The overlooked masterpieces of 1922
John Self/BBC :
In our age of Covid-19 and climate change, it’s easy to think that no one has had it tougher than us. But 100 years ago, people thought the same. World War One and the Spanish flu pandemic had each killed tens of millions of people, and the social order in Europe had been overturned. Even in the years before these cataclysmic events, an increasingly technological society cars, planes, the first radio broadcasts felt as revolutionary to those born in the 19th Century as the internet does to those born in the 20th.
The response of artists and writers was to remake their work: a way of seeking either to control the strange and uncontrollable, or simply to portray it more truthfully. If the world is chaotic and unsettling, went the reasoning, then the music, art and writing must be too. Spanning several decades, the modernist period gave us the atonal music of Berg and Schoenberg and the Cubist paintings of Picasso and Braque.
In literature the response to the challenges and opportunities of the early 20th Century was Modernism – the rejection of traditional linear storytelling and the use of more challenging styles to reflect the new world – and its annus mirabilis is usually seen as 1922. It was an apt time for breakthroughs: the same year saw, among other world-defining events, the appointment of Joseph Stalin as General Secretary of the Communist Party in Russia, the first treatment of diabetes using insulin, and the creation of the BBC. In literary terms, this was the year stamped at one end by James Joyce’s novel Ulysses (first published 100 years ago today, on 2 February; Joyce’s 40th birthday) and at the other by TS Eliot’s book-length poem The Waste Land, published in October. These were books like nothing quite seen before, in their style, scale and ambition: in England the novel in this era was dominated by social realists writing traditional narratives, and poetry by the so-called Georgian movement of pastoral poems in sing-song rhythms.The two books had much in common. Both were determinedly new in subject matter: Ulysses reported on a day in the life of modern Dubliners, going everywhere with them including to the bedroom and the bathroom.
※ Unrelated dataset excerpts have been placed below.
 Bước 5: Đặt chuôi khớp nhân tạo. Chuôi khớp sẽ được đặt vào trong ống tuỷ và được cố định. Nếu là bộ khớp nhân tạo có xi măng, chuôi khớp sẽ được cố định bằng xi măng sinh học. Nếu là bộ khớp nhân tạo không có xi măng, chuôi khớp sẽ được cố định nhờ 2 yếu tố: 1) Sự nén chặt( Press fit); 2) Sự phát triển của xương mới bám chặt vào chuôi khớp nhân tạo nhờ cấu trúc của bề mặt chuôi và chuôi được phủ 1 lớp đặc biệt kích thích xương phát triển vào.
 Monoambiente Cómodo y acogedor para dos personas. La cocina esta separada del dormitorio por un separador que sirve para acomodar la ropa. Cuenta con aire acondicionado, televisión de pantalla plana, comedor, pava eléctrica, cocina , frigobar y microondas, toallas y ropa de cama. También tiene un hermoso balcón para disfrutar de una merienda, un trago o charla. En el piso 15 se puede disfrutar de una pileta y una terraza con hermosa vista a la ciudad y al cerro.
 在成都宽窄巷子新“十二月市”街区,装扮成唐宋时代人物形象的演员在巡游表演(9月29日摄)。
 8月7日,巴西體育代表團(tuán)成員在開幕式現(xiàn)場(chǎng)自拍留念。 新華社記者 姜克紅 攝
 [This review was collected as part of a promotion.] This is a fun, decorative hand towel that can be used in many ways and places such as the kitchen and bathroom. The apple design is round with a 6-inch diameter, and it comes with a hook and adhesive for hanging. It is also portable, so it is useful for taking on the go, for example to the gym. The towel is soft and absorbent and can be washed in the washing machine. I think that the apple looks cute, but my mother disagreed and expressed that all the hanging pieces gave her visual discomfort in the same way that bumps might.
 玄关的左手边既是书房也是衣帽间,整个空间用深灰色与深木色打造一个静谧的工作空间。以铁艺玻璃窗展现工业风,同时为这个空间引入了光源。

The Waste Land addressed the bleak landscape of post-war Europe: “A crowd flowed over London Bridge, so many, / I had not thought death had undone so many.” Both books foregrounded their innovative styles, every page stamped with the author’s personality and unusual intelligence. They took a bricolage approach, assembling their texts from multiple voices and viewpoints (Eliot’s working title for The Waste Land was He Do the Police in Different Voices). They were comfortable with both high and low culture: Ulysses is structured after The Odyssey, mixes Latin and Greek into its prose, but talks of toilet habits, masturbation and sex (it was the subject of seizures for obscenity on both sides of the Atlantic); in The Waste Land multilingual ostentation sits alongside nursery rhymes and the voice of a pub landlord.Both, too, are difficult books but filled with beautiful, traditional literary language that anyone can enjoy, from Joyce’s “The summer evening had begun to fold the world in its mysterious embrace,” to Eliot’s “A current under the sea / Picked his bones in whispers”.
They knew how to please as well as challenge the reader. This, and not just their newness at the time, is why they continue to be read and reread.